We envision many global events to come which will grow out of the 80,000 Voices culture but our first large scale production planned for 2016 needs a theme.

I have experienced feelings of anger, powerlessness and frustration about many things – as I’m sure we all do.  However, whenever the topic of nuclear weapons used to come up I found it extremely hard to find the language to express my arguments for why we should abolish nuclear weapons forever.  I have always known in my heart that they are the greatest evil of all time, but I have never been prepared to accept that we have to live with them.  That’s why I went off to Hiroshima in July 2013 to do an intense graduate course in Peace Studies.



I had listened to the arguments and fought the campaigns and spoken out against wars like the Gulf War, but still we seem to concur with the view that in order to maintain the status quo we have to have control over others in case they do something stupid.  Nuclear weapons are a necessary evil and deterrent against attack, and yet no one should have them except for a small coterie of power hungry countries.

Who is the likely button pusher, we think to ourselves.  Is it the North Koreans?  Is it the Russians?  This has been our pattern.  To just let things happen, and stay fearful behind closed doors.  We’ve grown up in a culture where it’s preferable to shelve our creativity, and let our leaders solve our feelings and fears out for us.  I think in the past this was the way we did things.

Instead of standing up and saying we don’t want nuclear weapons, we’ve bought into the reasons for keeping them and allowed ourselves to go silent, harboured our fears and acted out on our loved ones, all the while waiting and hoping for some miracle to happen. A miracle that will give us the courage to raise our heads, find each other and act on what we really feel.  Or not.  For many years I’ve always said a little prayer to myself that all my family and I die instantly rather than face a life post a nuclear apocalypse.

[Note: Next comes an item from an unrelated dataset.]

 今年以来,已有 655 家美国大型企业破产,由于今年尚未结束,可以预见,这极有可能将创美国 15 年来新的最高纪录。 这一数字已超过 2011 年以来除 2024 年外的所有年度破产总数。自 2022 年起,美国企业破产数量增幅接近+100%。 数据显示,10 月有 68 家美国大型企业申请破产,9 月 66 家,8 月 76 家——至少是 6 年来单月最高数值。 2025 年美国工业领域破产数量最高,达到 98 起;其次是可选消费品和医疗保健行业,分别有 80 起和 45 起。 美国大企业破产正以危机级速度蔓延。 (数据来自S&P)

But my children are teaching me that things are different now and I need to take action.  I am their conduit and I will do everything in my power to help them get the message across.

I am going to Vienna on 5th December for the ICAN Civil Society Forum http://goodbyenuk.es/

I have been thinking about Keiji Nakazawa’s Barefoot Gen – telling this story in Manga style makes it accessible to all. The horrors are still present but perhaps easier to digest.

Some background on Keiji Nakazawa – see Alan Gleason’s article

All this is why I came up with the idea of telling a story on a massive scale  – a way to live the history and get a real sense of what happened when the nuclear bomb was dropped on the people of Hiroshima.

I know that keeping these weapons as a deterrent against attack, is an abuse to all mankind.  The point is, there is an urgency to communicate the position the world has got itself into, where we live under the threat of complete obliteration, and I feel a good way to do this is tell the story about what happened through music and art, but to do it on a big scale.

The theme for our first large scale event in 2016 is the move towards a new era, out of the nuclear age. This doesn’t exclude the other global issues such as climate change, poverty, sustainability, disease, natural disasters and starvation, to name a few. 80,000 Voices is about building resilience starting within ourselves and growing into our communities.

80,000 Voices, in my view, is a small brand with a big idea.